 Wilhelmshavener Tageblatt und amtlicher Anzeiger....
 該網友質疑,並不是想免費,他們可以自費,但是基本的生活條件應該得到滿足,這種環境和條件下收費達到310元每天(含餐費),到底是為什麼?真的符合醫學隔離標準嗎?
•••
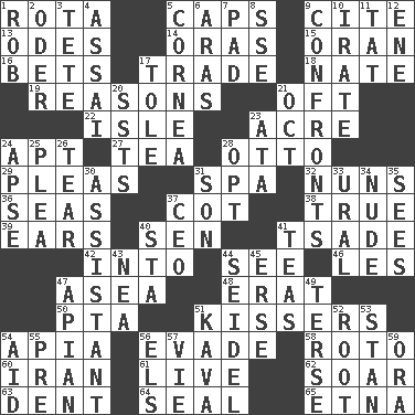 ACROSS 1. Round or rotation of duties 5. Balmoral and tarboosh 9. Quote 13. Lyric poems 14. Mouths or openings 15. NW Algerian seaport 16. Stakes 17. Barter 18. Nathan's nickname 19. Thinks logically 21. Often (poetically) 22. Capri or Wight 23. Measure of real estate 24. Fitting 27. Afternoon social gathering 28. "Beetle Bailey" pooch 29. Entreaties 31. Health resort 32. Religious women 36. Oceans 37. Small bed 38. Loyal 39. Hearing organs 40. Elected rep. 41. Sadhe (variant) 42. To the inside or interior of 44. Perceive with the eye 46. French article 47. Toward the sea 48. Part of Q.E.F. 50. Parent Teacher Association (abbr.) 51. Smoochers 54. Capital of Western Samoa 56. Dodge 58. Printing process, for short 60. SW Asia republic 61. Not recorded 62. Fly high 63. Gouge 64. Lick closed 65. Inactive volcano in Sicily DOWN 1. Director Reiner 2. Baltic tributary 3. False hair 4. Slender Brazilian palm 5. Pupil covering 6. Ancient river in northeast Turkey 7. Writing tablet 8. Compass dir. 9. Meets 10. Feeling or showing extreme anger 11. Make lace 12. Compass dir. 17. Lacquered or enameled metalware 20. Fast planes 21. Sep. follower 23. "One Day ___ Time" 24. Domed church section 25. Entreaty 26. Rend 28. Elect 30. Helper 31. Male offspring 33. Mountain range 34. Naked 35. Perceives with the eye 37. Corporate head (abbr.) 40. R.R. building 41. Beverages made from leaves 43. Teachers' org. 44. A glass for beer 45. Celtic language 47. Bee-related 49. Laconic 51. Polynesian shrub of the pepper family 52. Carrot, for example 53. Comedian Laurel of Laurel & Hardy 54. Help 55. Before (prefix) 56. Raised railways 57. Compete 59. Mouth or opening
•••
Your objective: Above are the records. Copy the lines beginning at the one that has "Wilhelmshavener Tageblatt und" and ending with the one that has "該網友質疑,並不是想免費,他", unchanged.

Worked solution:
 Wilhelmshavener Tageblatt und amtlicher Anzeiger....
 該網友質疑,並不是想免費,他們可以自費,但是基本的生活條件應該得到滿足,這種環境和條件下收費達到310元每天(含餐費),到底是為什麼?真的符合醫學隔離標準嗎?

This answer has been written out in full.